Material and methods: The series included 19 men and two women, mean age 30 years (17–60) operated on between 1998 and 2000. Nineteen patients had multiple injuries. The AO classification was A5 C (12 CI unilateral, 3 (2 C2, 1C3) bilateral) and 6B (4 B1, 3 B2). The patients were operated on in the supine position with traction on the lower limb to reduce the hemipelvis ascension. Displaced anterior fractures were reduced and stabilised with a pubic plate or with an anterior external fixator. The posterior fractures were fixed with a percutaneosus canulated cancellous screw measuring 7.3 mm in diameter inserted transacrally into the S1 body to reach the opposite sacroiliac joint under fluoroscopic monitoring. The radiographic results were analysed by measuring the vertical ascension of the hemipelvis at the foot of the sacroiliac and clinical results with the Majeed score.

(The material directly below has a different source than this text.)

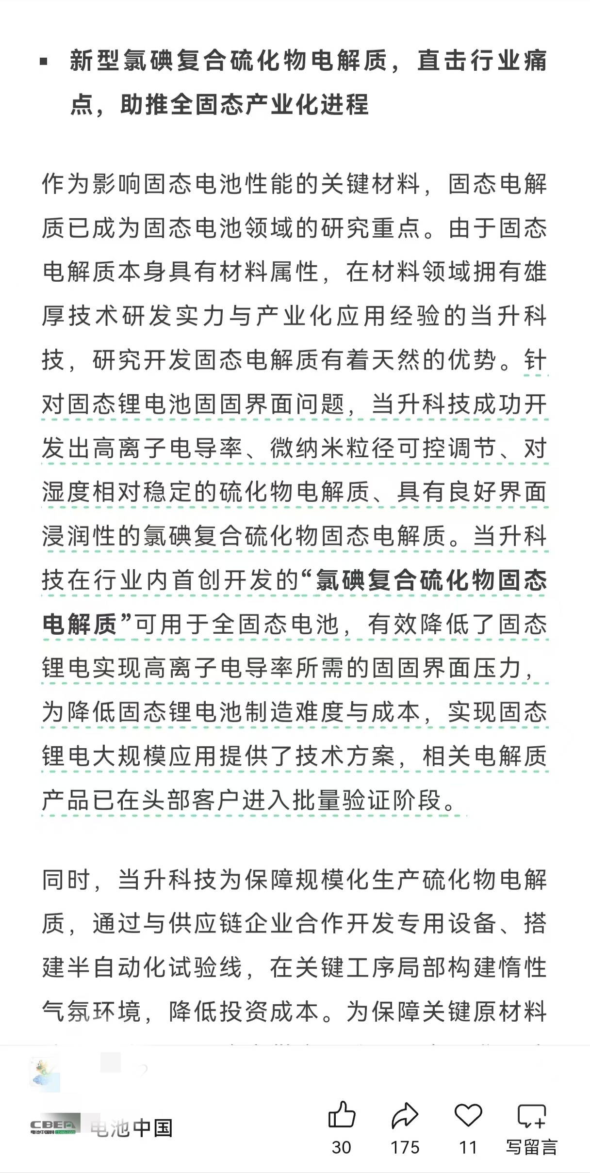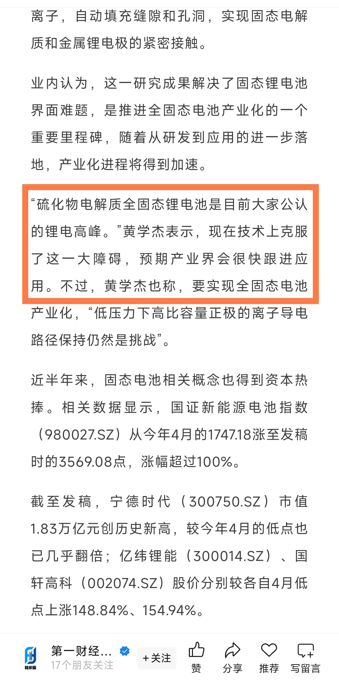 第一财经对黄学杰的专访,固态电解质攻克难题后,产业界会快速跟进应用,当升目前是唯

Results: The patients were operated on day four 0–8) after trauma. Anatomic reduction was achieved in 19 cases, with a gap of 5 mm in two cases. Thirteen anterior fixations (eleven plates, two external fixators) and 21 transacral screw fixations were used to stabilise the pelvi. There were no notable complications. One patient died early from multiple injuries. All were followed for one year after the accident and no secondary dismanteling has been observed. The final mean Majeed score was 95/100.

Discussion: Reduction is best if achieved early. With the transacral screw fixation, it is achieved in the supine position which is technically difficult due to the known anatomic variability of the sacrum. It also allows simultaneous treatment of C13 and C23 comminutive fractures. Anterior fixation is complete.

Conclusions: Percutaneous transacral screw fixation and anterior osteosynthesis is a minimaly invasive technique providing reproducible and reliable results for maintaining reduction in a large number of unstable fractures of the pelvic ring. These fixations allow the upright position and mobilisation early. The good anatomic result is maintained leading to a better functional result which should be validated in a longer series.